The recommended way to use GirlsInsight is through Google Colab, which provides a ready-to-use environment with all dependencies pre-installed and asynchronous processing capabilities for optimal web scraping performance.

Step 1: Access the Notebook

Open the GirlsInsight Jupyter notebook in Google Colab by clicking this link: GirlsInsight Colab Notebook

Step 2: Set Up Gemini API

  1. Visit the Gemini AI API Key Page
  2. Generate your API key
  3. In Colab, click the key icon in the sidebar
  4. Add a new secret named GEMINI_API_KEY
  5. Paste your API key as the value

Step 3: Run the Notebook

  1. Run the API key test cell
  2. Execute the dependency installation cell
  3. Run the main script cell
  4. Follow the interactive prompts in the notebook

Features

  • Web Scraping: Automatically retrieves comments and metadata from GirlsChannel.net using BeautifulSoup.
  • Sentiment Analysis: Evaluates community consensus and disagreement by analyzing explicit user feedback through upvotes/downvotes, performing comment content analysis using OpenAI, Anthropic, or Gemini LLMs, conducting comparative analysis between highest and lowest rated comments, and providing quantitative scoring on a 0-10 scale.
  • Data Visualizations: Creates the following five data visualizations using Matplotlib and Seaborn:
    1. Most Upvoted Comments Bar Chart: Shows the distribution of positive ratings for the most highly rated comments in descending order.
    2. Most Downvoted Comments Bar Chart: Displays the distribution of negative ratings for the most poorly rated comments in descending order.
    3. Consistency Comparison Bar Chart: Compares the consistency scores between highly rated and lowly rated comment groups.
    4. Overall Agreement Pie Chart: Visualizes the overall level of community consensus by showing the proportion of agreement versus disagreement.
    5. Comment Frequency Line Chart: Tracks how many comments were posted over time, with automatically adjusted time intervals based on the data span.
  • Excel Export: Saves processed comments and analysis results in .xlsx format for further use.
  • Localized Interface: Outputs results in either English or Japanese, depending on your preference.
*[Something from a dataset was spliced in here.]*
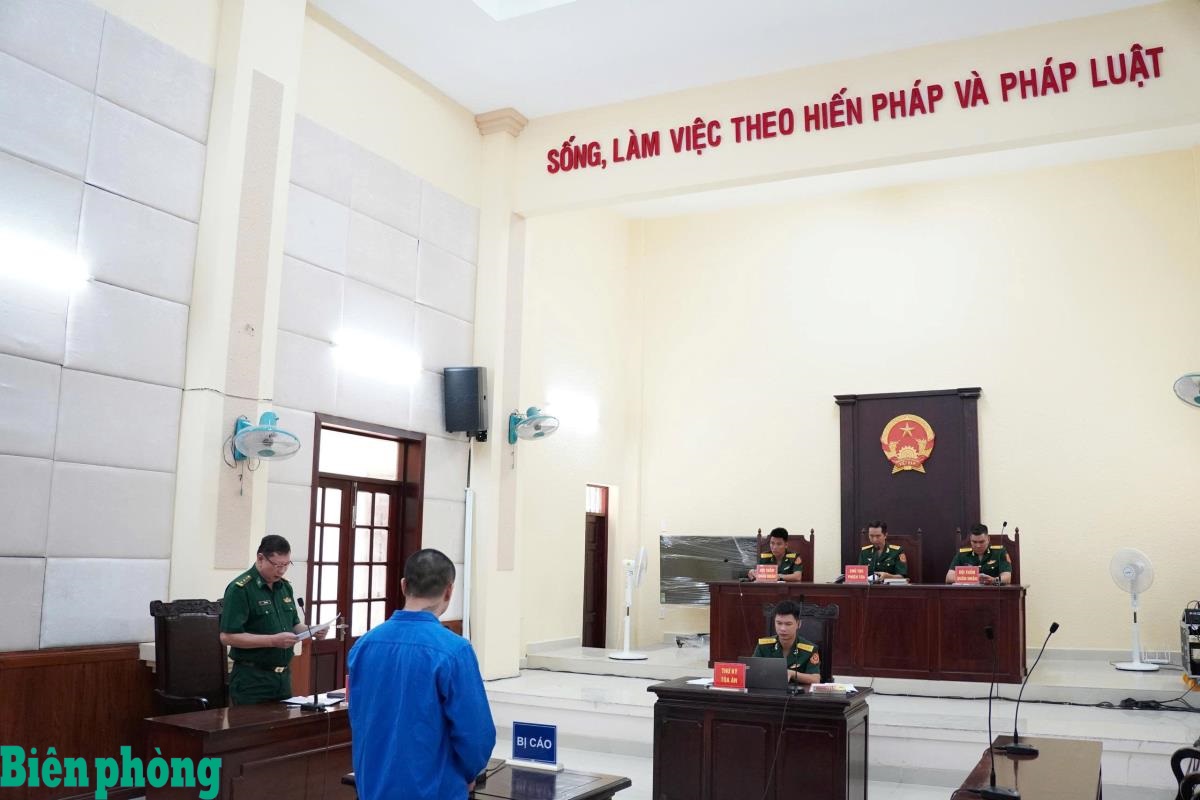 Kiểm sát viên Viện Kiểm sát quân sự khu vực 2 Bộ đội Biên phòng thực hành quyền công tố, kiểm sát xét xử tại phiên tòa vụ án cố ý gây thương tích. Ảnh: Nguyễn Văn Tài

Alternative: Local Installation

While the Colab implementation is recommended for its asynchronous processing capabilities, you can also run GirlsInsight locally. Note that the local version (GirlsInsight.v1.0.1.py) uses synchronous processing to ensure discrete interactions with GirlsChannel.net.

Requirements

  • Python 3.7+
  • Internet connection
  • Dependencies from requirements.txt

Local Setup

  1. Clone the Repository
git clone https://github.com/JGKarlin/GirlsInsight.git
cd GirlsInsight
  1. Install Dependencies
pip install -r requirements.txt
  1. Configure Environment Create a .env file:
OPENAI_API_KEY=your_openai_api_key
ANTHROPIC_API_KEY=your_anthropic_api_key
GEMINI_API_KEY=your_gemini_api_key
  1. Run the Script
python GirlsInsight.v1.0.1.py

Usage

Menu Options

  1. Analyze a Specific URL

    • Enter a GirlsChannel.net topic URL
    • Choose output language and AI model
  2. Search by Keyword

    • Enter search term
    • Select date range
    • Choose language and AI models
  3. Help or Quit

    • Access help documentation or exit

Workflow

  1. Web scraping of comments and metadata
  2. Sentiment analysis using selected AI model
  3. Output generation in chosen language
  4. Data visualization
  5. Results export

Outputs

All results are saved in the outputs/ directory:

  • Excel files (comments_<query>.xlsx)

  • Text summaries (output_<query>.txt)

  • Data visualizations: (plot<query>.png and lineplot<query>.png)
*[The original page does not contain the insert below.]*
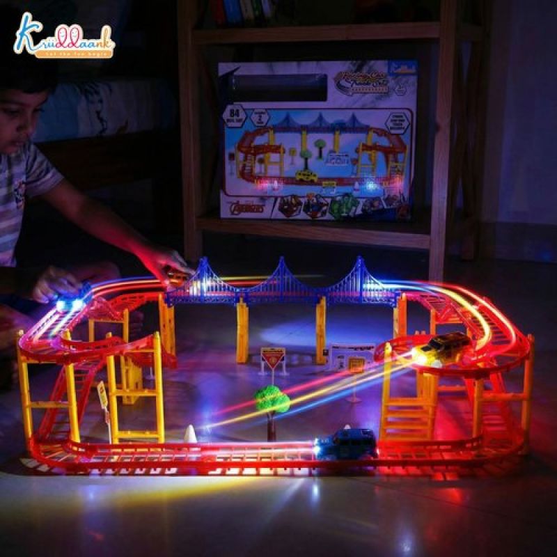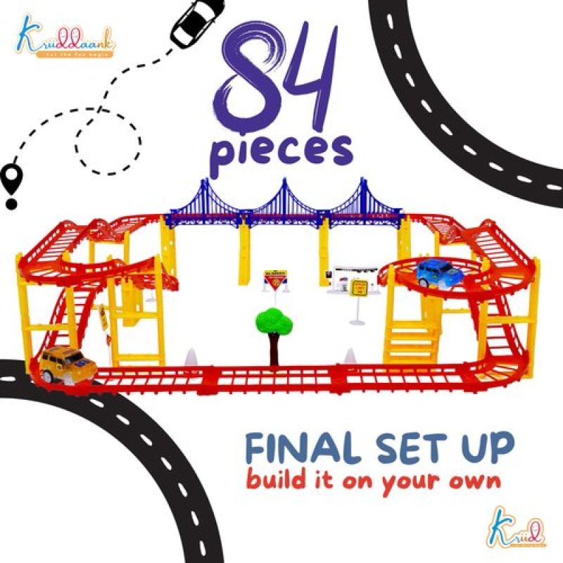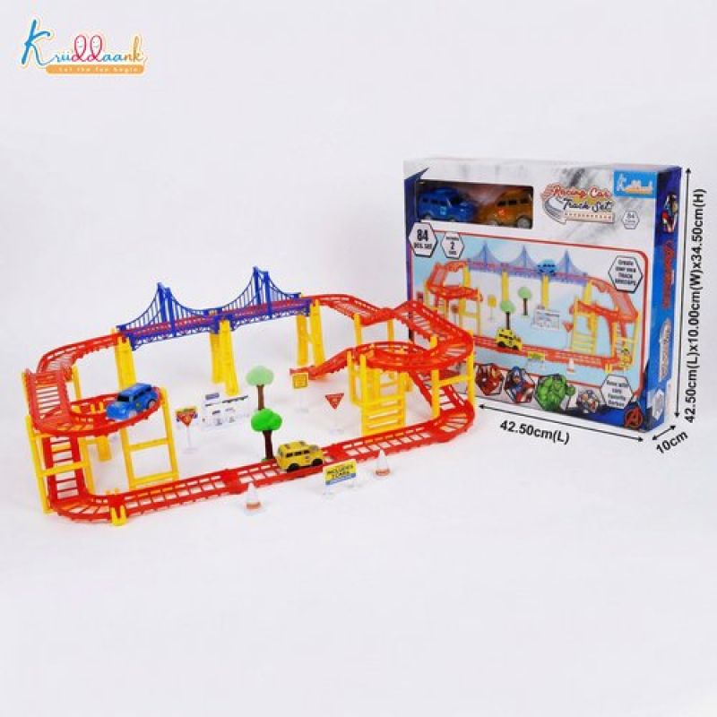 The set includes 41 pieces of track that can be assembled in a variety of configurations to create a custom race track.

    最も高評価のコメント (Most Upvoted Comments): This visualization displays the distribution of upvotes across the most positively received comments, with the x-axis showing sequential comment numbers and the y-axis representing upvote counts. The declining pattern reveals how community approval is distributed. Higher values indicate stronger community agreement and support for particular viewpoints, while lower values suggest less enthusiastic but still positive reception. The slope of decline indicates how concentrated or dispersed community approval is across comments. This distribution helps identify the relative strength of community support for different perspectives within the discussion.

    最も低評価のコメント (Most Downvoted Comments): This visualization reveals the pattern of downvotes for the most negatively received comments, with downvote counts plotted against sequential comment numbers. Higher values represent strong community disagreement or rejection of certain viewpoints, while lower values indicate less intense but still negative reactions. The rate of decline between highest and lowest values shows how focused or distributed community disapproval is. This pattern reveals the relative intensity of opposition to different perspectives within the discussion.

    一貫性 (Polarization): This visualization compares consistency scores between highly rated and lowly rated comments on a scale of 0-10. The scores for positive and negative comments indicate how unified the community's voting patterns are in each direction. Higher consistency scores indicate strong community agreement in voting behavior, while lower scores suggest more varied reactions. The difference between positive and negative consistency scores reveals whether the community shows more unity in their approval or disapproval, providing insight into the nature of community consensus.

    全体的な合意度 (Overall Agreement Level): This visualization presents the overall distribution of community consensus, divided between agreement and disagreement portions. The relative sizes of these sections indicate the balance between unified and divided opinions within the discussion. Higher agreement percentages indicate stronger community consensus, while larger disagreement portions suggest more controversial or contested topics. The ratio between these values reveals the extent to which the community has reached consensus versus remaining divided on the discussion topic.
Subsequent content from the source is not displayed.